## DATASET EXCERPT
[Start of section]

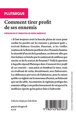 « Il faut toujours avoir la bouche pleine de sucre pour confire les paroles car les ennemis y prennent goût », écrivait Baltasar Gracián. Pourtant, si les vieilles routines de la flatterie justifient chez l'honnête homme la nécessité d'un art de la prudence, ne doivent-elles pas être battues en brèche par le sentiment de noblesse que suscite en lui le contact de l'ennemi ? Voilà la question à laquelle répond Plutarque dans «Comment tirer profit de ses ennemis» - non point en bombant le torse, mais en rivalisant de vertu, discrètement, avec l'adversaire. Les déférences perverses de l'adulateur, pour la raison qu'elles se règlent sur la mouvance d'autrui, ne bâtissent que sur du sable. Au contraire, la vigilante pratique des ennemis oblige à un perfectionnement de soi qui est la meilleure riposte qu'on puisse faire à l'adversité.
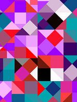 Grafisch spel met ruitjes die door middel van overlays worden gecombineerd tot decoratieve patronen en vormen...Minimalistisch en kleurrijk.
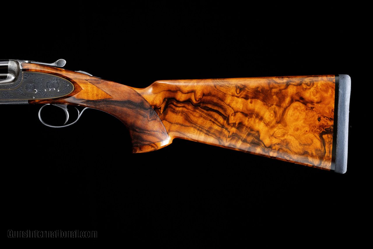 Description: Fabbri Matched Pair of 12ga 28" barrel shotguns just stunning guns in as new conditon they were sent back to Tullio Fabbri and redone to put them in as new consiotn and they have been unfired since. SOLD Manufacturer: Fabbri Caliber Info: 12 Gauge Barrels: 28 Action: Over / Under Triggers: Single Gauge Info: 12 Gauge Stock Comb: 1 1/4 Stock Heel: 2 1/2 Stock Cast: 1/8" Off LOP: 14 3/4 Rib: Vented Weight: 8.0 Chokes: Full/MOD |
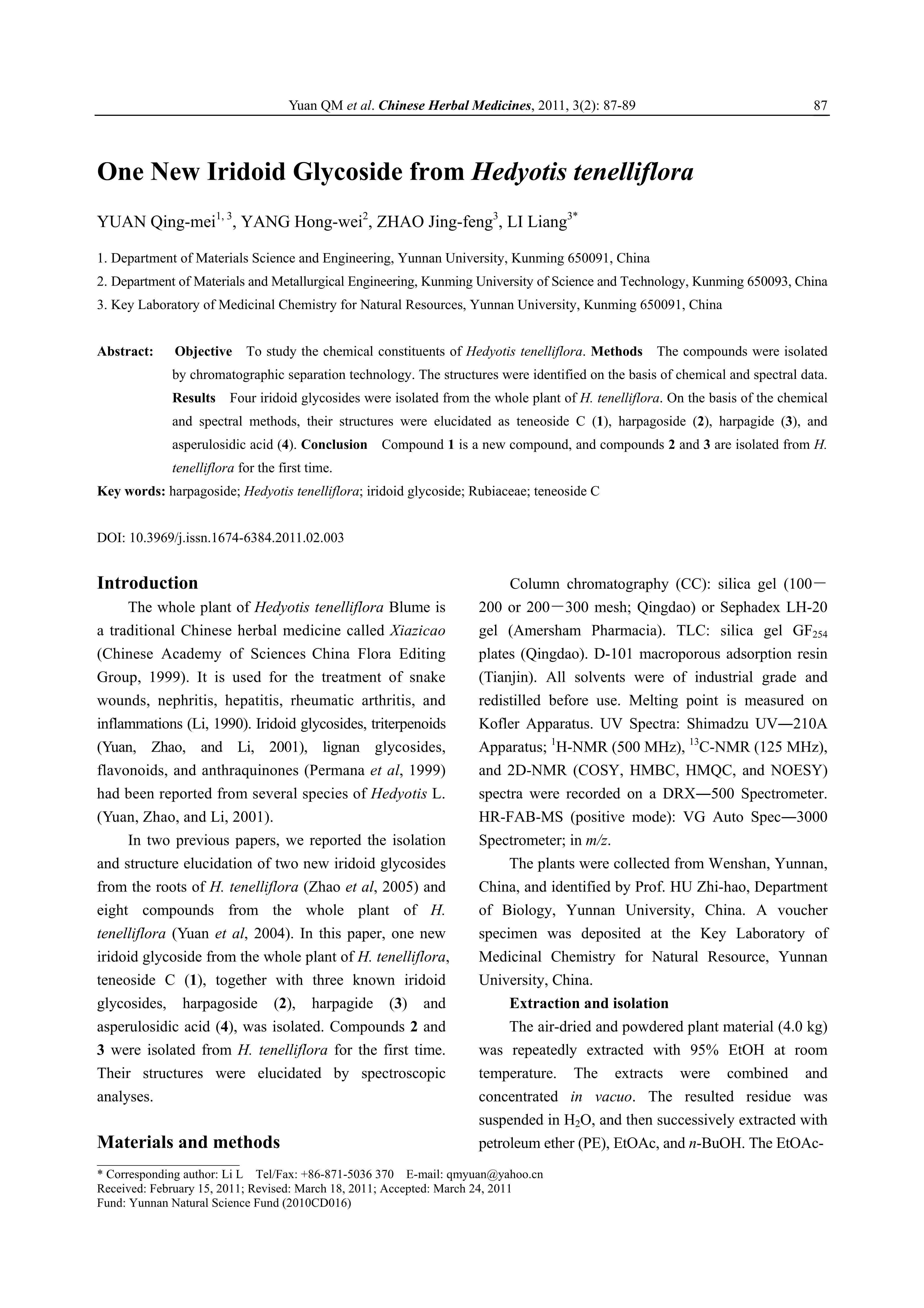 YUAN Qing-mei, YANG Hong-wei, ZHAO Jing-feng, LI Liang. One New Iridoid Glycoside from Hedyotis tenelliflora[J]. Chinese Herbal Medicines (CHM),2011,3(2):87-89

[End of section]

## WHAT THIS TASK INVOLVES
Go through the material above and retype every line exactly, without the images.

## RESPONSE TO THE EXERCISE
 « Il faut toujours avoir la bouche pleine de sucre pour confire les paroles car les ennemis y prennent goût », écrivait Baltasar Gracián. Pourtant, si les vieilles routines de la flatterie justifient chez l'honnête homme la nécessité d'un art de la prudence, ne doivent-elles pas être battues en brèche par le sentiment de noblesse que suscite en lui le contact de l'ennemi ? Voilà la question à laquelle répond Plutarque dans «Comment tirer profit de ses ennemis» - non point en bombant le torse, mais en rivalisant de vertu, discrètement, avec l'adversaire. Les déférences perverses de l'adulateur, pour la raison qu'elles se règlent sur la mouvance d'autrui, ne bâtissent que sur du sable. Au contraire, la vigilante pratique des ennemis oblige à un perfectionnement de soi qui est la meilleure riposte qu'on puisse faire à l'adversité.
 Grafisch spel met ruitjes die door middel van overlays worden gecombineerd tot decoratieve patronen en vormen...Minimalistisch en kleurrijk.
 Description: Fabbri Matched Pair of 12ga 28" barrel shotguns just stunning guns in as new conditon they were sent back to Tullio Fabbri and redone to put them in as new consiotn and they have been unfired since. SOLD Manufacturer: Fabbri Caliber Info: 12 Gauge Barrels: 28 Action: Over / Under Triggers: Single Gauge Info: 12 Gauge Stock Comb: 1 1/4 Stock Heel: 2 1/2 Stock Cast: 1/8" Off LOP: 14 3/4 Rib: Vented Weight: 8.0 Chokes: Full/MOD |
 YUAN Qing-mei, YANG Hong-wei, ZHAO Jing-feng, LI Liang. One New Iridoid Glycoside from Hedyotis tenelliflora[J]. Chinese Herbal Medicines (CHM),2011,3(2):87-89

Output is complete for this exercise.